■ **Your goal**: For this exercise, repeat the records below exactly and omit every picture.

■ **Extracted material**:
····················

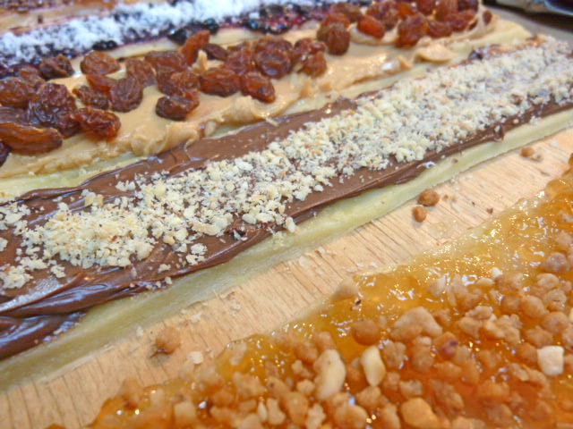 The Solution is this torte. It’s called a torte in my German cookbook, but it’s more pastry-like. Each piece is rolled up individually, so there is plenty of room to tuck in surprises. Why make each section the same when every piece could be a mystery bite?
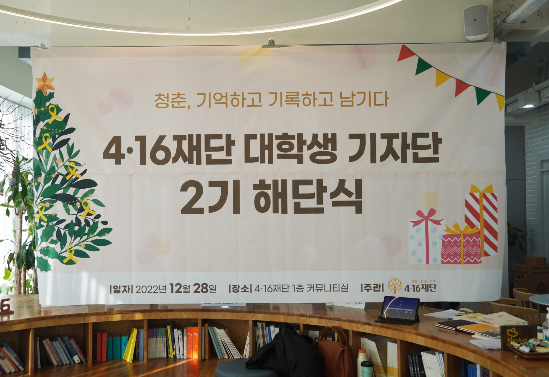한 해의 끝을 상징하는 겨울은 언제나 우리에게 설렘과 아쉬움을 동시에 가져다 주곤 합니다. 열 달간 동고동락하며 세월호참사 및 4·16재단 사업을 열심히 취재해 준 ‘대학생 기자단 2기’의 여정이 12월 마지막 주 해단식으로 모두 마무리되었습니다. 아쉬움 가득한 헤어짐이지만, 활동 기간 동안 늘 적극적으로 임해준 인원들이기에 ‘감사하다’는 인사말을 한 번 더 전하며 그들의 다음 행보를 응원하기로 했습니다.
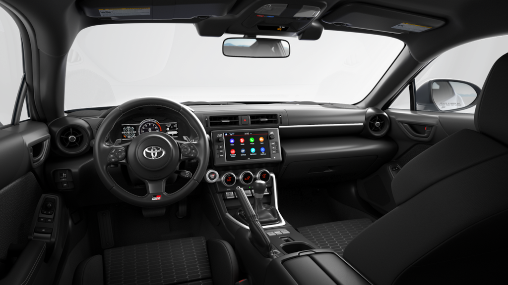 - GR86 Audio includes 8-in. touchscreen, six speakers, Apple CarPlay(R) Android Auto compatibility, SiriusXM(R) 3-month trial subscription. See toyota.com/audio-multimedia for details.
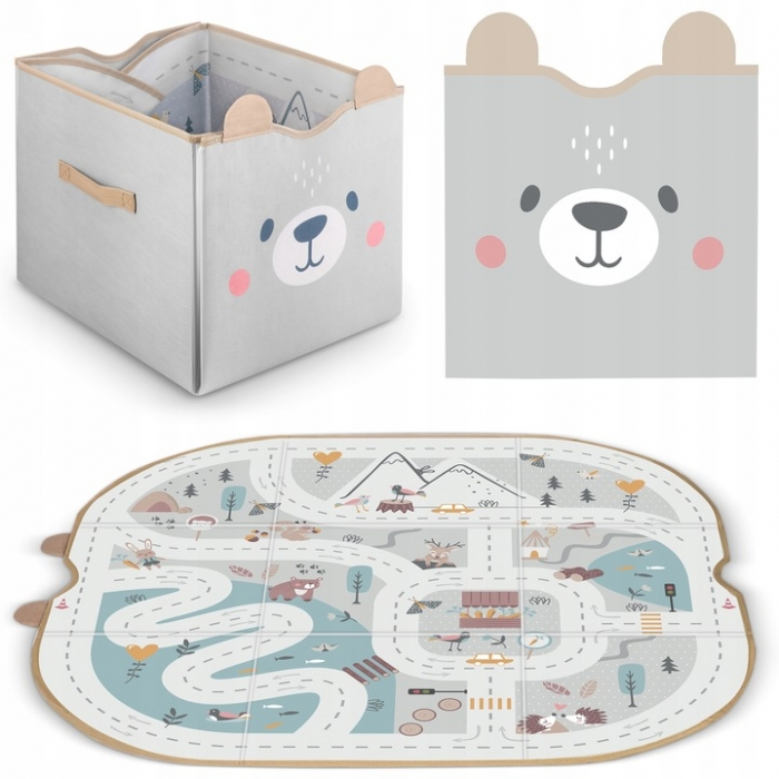 Cos de depozitare 2 in 1 cu salteluta de joaca pentru copii Nukido - Gri
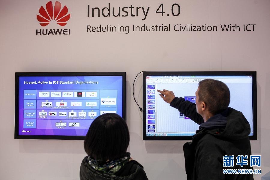 3月14日,在德国汉诺威,两名工作人员在华为公司展台准备。 2015年德国汉诺威消费电子、信息及通信博览会(简称汉诺威IT展)将于3月16日至3月20日举行。作为本届汉诺威IT展的合作伙伴国,参展的近600家中国企业将带来国内最先进的技术和创新产品,展示“中国创造”的最新水平。汉诺威IT展是全球IT行业领军展会,本届展会以“数字经济”为主题。新华社记者张帆摄
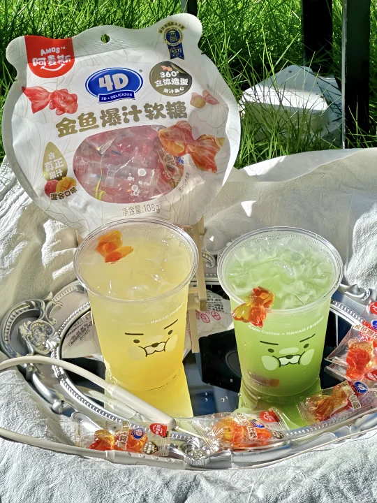 🌈羽衣甘蓝➕阿麦斯的小金鱼软糖➕气泡水!!!小金鱼在气泡水里活灵活现地游泳,一整个清爽住了!!喝上一口尊滴巨巨巨解腻!!
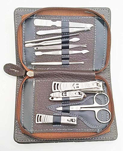 Generic Name : 9-in-1 Stainless Steel Manicure & Pedicure Traveling Grooming Personal Care Nail Tools Kit (Random Prints) comes with a soft & handy pu leather pouch/ case holder Complete, compact & portable
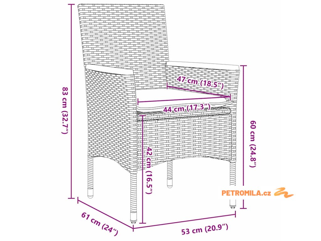 - 8 x zahradní židle: 53 x 61 x 83 cm (D x Š x V)
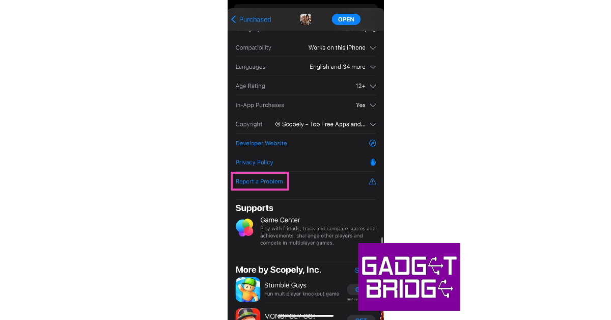 Vaihe 4:Vieritä alas ja valitse Ilmoita ongelma.

····················

■ **Result of this task**:
 The Solution is this torte. It’s called a torte in my German cookbook, but it’s more pastry-like. Each piece is rolled up individually, so there is plenty of room to tuck in surprises. Why make each section the same when every piece could be a mystery bite?
한 해의 끝을 상징하는 겨울은 언제나 우리에게 설렘과 아쉬움을 동시에 가져다 주곤 합니다. 열 달간 동고동락하며 세월호참사 및 4·16재단 사업을 열심히 취재해 준 ‘대학생 기자단 2기’의 여정이 12월 마지막 주 해단식으로 모두 마무리되었습니다. 아쉬움 가득한 헤어짐이지만, 활동 기간 동안 늘 적극적으로 임해준 인원들이기에 ‘감사하다’는 인사말을 한 번 더 전하며 그들의 다음 행보를 응원하기로 했습니다.
 - GR86 Audio includes 8-in. touchscreen, six speakers, Apple CarPlay(R) Android Auto compatibility, SiriusXM(R) 3-month trial subscription. See toyota.com/audio-multimedia for details.
 Cos de depozitare 2 in 1 cu salteluta de joaca pentru copii Nukido - Gri
 3月14日,在德国汉诺威,两名工作人员在华为公司展台准备。 2015年德国汉诺威消费电子、信息及通信博览会(简称汉诺威IT展)将于3月16日至3月20日举行。作为本届汉诺威IT展的合作伙伴国,参展的近600家中国企业将带来国内最先进的技术和创新产品,展示“中国创造”的最新水平。汉诺威IT展是全球IT行业领军展会,本届展会以“数字经济”为主题。新华社记者张帆摄
 🌈羽衣甘蓝➕阿麦斯的小金鱼软糖➕气泡水!!!小金鱼在气泡水里活灵活现地游泳,一整个清爽住了!!喝上一口尊滴巨巨巨解腻!!
 Generic Name : 9-in-1 Stainless Steel Manicure & Pedicure Traveling Grooming Personal Care Nail Tools Kit (Random Prints) comes with a soft & handy pu leather pouch/ case holder Complete, compact & portable
 - 8 x zahradní židle: 53 x 61 x 83 cm (D x Š x V)
 Vaihe 4:Vieritä alas ja valitse Ilmoita ongelma.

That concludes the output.